- [DATASET]
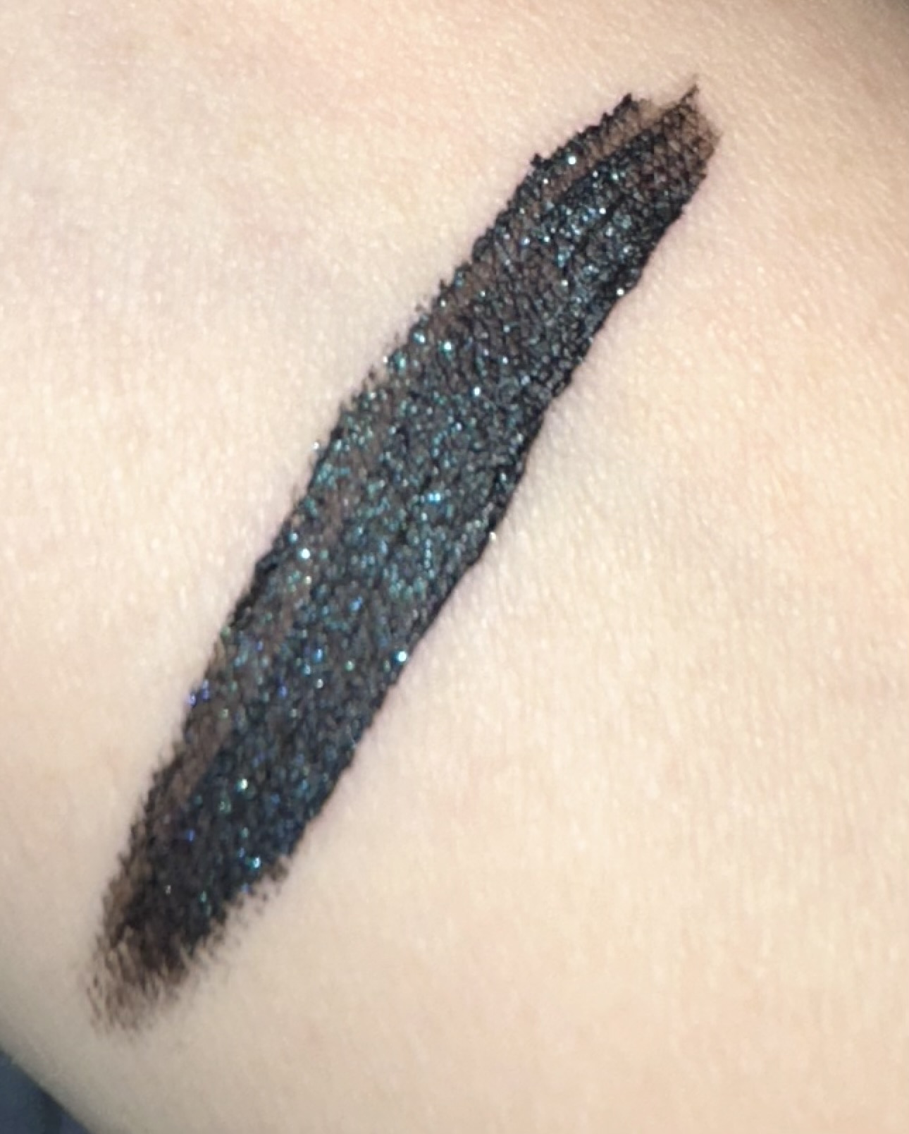 I tried some different angles to show off the shimmer , like you can see the sparkle , but sadly not really the blue . I do think it goes well with the darker eyeshadow though.
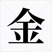 “金” 字共有 8 画,拼音:jīn,注音:ㄐㄧㄣ,部首:金,笔画数:8 画,字体结构:上下结构,五行:金,五笔:QQQQ,Unicode编码:U+91D1,郑码:PA,仓颉:C,“金”字笔顺为:ノ丶一一丨丶ノ一
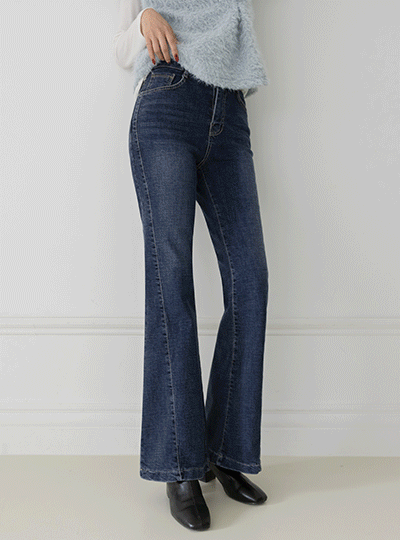 切開 ライン ブーツカット 起毛 デニム パンツ
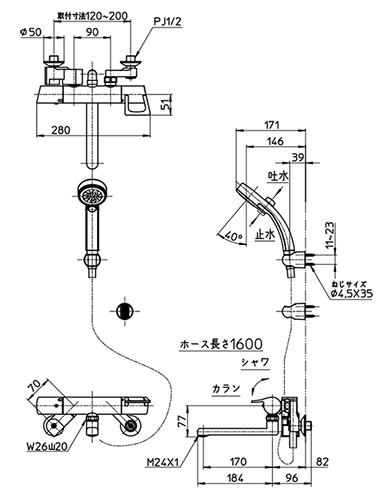 浴室用蛇口[壁][浴槽・洗い場兼用][サーモスタット付シャワーバス混合水栓][手元スイッチ][一般地]
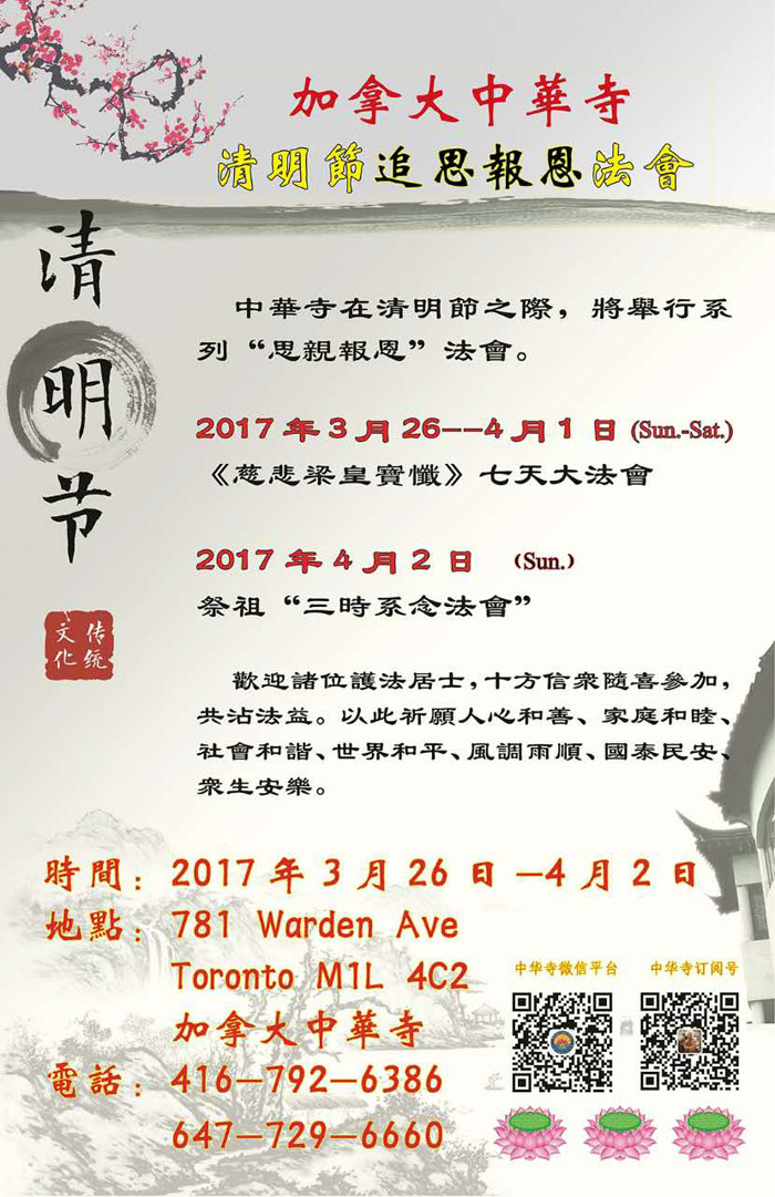 “清明时节雨纷纷,路上行人欲断魂。”在清明节即将到来之际,加拿大中华寺将于2017年3月26日至4月2日期间分别举行《慈悲梁皇宝忏》七天大法会和祭祖“三时系念法会”,欢迎诸位护法居士、十方信众随喜参加,共沾法益。
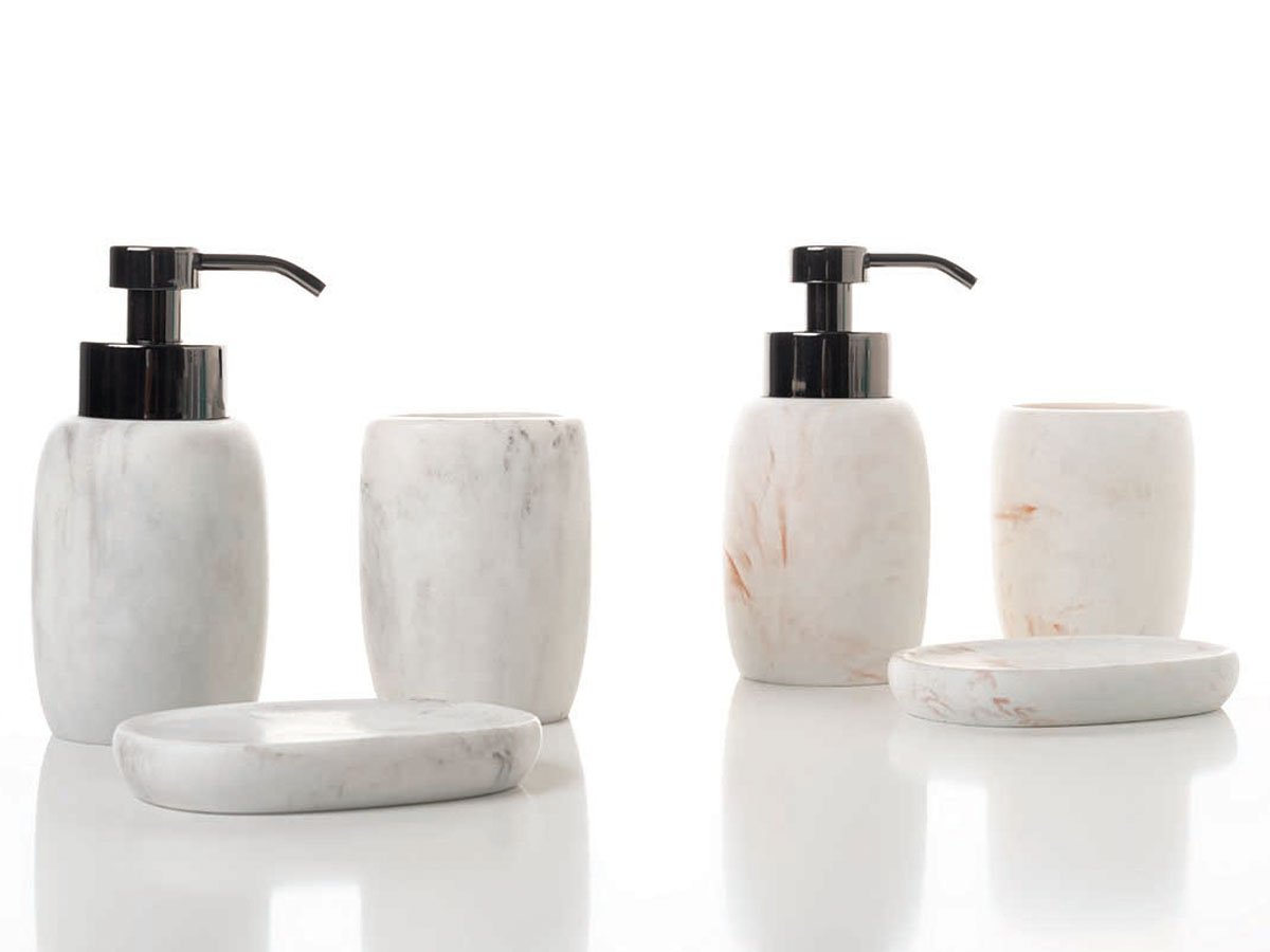 Sorema Marble to oryginalna kolekcja wzornicza wysokojakościowych tekstyliów łazienkowych oraz akcesoriów łazienkowych. Bazowy wzór kolekcji stanowią nieregularne kształty wzorowane na strukturze naturalnego marmuru - wzory te pojawiają się zarówno na dywanikach, ręcznikach, jak i na akcesoriach. Całość stanowi spójną propozycję dekoracyjną.

- [ABOUT THIS TASK] The records are to be returned word for word, without any of their pictures.

- [RESULT OF THIS EXERCISE]
 I tried some different angles to show off the shimmer , like you can see the sparkle , but sadly not really the blue . I do think it goes well with the darker eyeshadow though.
 “金” 字共有 8 画,拼音:jīn,注音:ㄐㄧㄣ,部首:金,笔画数:8 画,字体结构:上下结构,五行:金,五笔:QQQQ,Unicode编码:U+91D1,郑码:PA,仓颉:C,“金”字笔顺为:ノ丶一一丨丶ノ一
 切開 ライン ブーツカット 起毛 デニム パンツ
 浴室用蛇口[壁][浴槽・洗い場兼用][サーモスタット付シャワーバス混合水栓][手元スイッチ][一般地]
 “清明时节雨纷纷,路上行人欲断魂。”在清明节即将到来之际,加拿大中华寺将于2017年3月26日至4月2日期间分别举行《慈悲梁皇宝忏》七天大法会和祭祖“三时系念法会”,欢迎诸位护法居士、十方信众随喜参加,共沾法益。
 Sorema Marble to oryginalna kolekcja wzornicza wysokojakościowych tekstyliów łazienkowych oraz akcesoriów łazienkowych. Bazowy wzór kolekcji stanowią nieregularne kształty wzorowane na strukturze naturalnego marmuru - wzory te pojawiają się zarówno na dywanikach, ręcznikach, jak i na akcesoriach. Całość stanowi spójną propozycję dekoracyjną.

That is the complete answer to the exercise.